I guess I am on a bit of a nostalgic binge and so would like to talk about the world before the internet.
In many eyes, we were outside more and not glued to screens, active and glowing with health, living the pre-download life; sort of. We of a pre-2000 generation like to reminisce that we as kids were on our bikes without helmets all day with other neighbourhood kids, drinking from garden hoses and living some kind of spartan existence of scraped knees and parental neglect. It seems to be a bit of a fashion to recall going home when streetlights come on after a day of climbing trees and being chased by dogs, bulls, goats, ducks and any other animal real and imagined. It did happen but we also had plenty of downtime. From personal experience, we watched a lot of TV on big three-dimensional boxes and listened to music on hi-fi systems that these days seem outdated but quaint. We weren’t exactly Huck Finns or Our Gang ideals; more like Brady kids and casts of a bad 1980s horror flick.
Many memes populate the internet now about how we used the phone and ordered food and paid bills and checked the time or weather.
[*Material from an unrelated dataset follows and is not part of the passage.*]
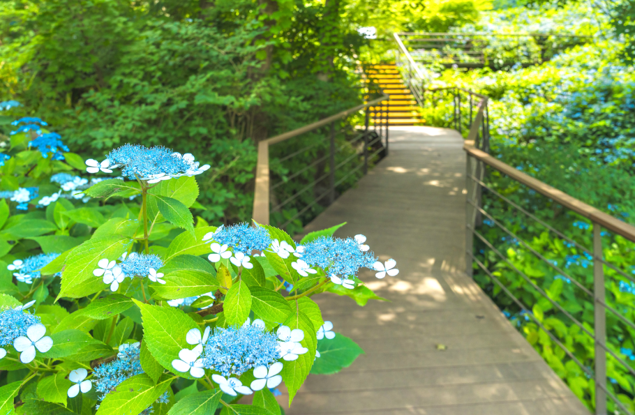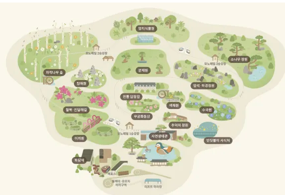 입구 → 이끼원 → 소나무정원 → 암석하경정원 → 정상 전망대 → 분재원 → 전통담장길 → 색채원 → 수국원 → 출구

List, lists, lists. More lists are to come.
How did we cope not being able to book, read, write, watch, debate, flirt, invest, expand, create, cheat, blog, vlog, masturbate, stalk, bank, troll and chat online?
We had travel agents, books and magazines, writing paper and typewriters, television, meetings, canvases, X rated magazines, deposit and withdrawal slips, letters, subscriptions and other paper items.
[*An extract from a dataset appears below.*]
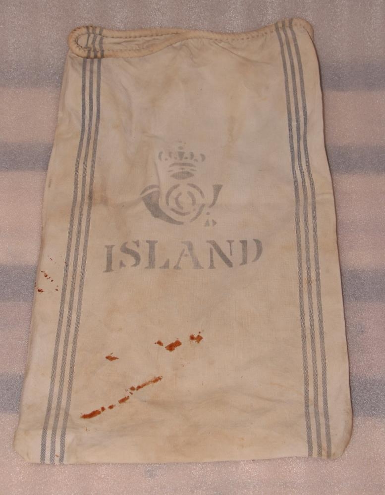 Póstpoki úr boldangi (segl). Hvítur, með þremur bláum röndum á hvorri hlið eftir endilöngu. Á framhlið pokans er prentað POSTUR, póstmerkið og ISLAND. Vel með farinn fyrir utan nokkra ryðbletti.

We turned up a friend’s houses unannounced many times, expecting a coffee and a chat out in the back garden.
We bought expensive plane tickets in triplicate and travellers’ cheques, guarding them with our very life.
Oh, I could go on, but I won’t even though it’s tempting.
The picture I am painting is not as grim and primitive as younger people would imagine it to have been. We survived and progressed.
But it is sobering to think that in the future the last person to have licked a stamp for an envelope will one day die.
And then there’s AI.
Another blog.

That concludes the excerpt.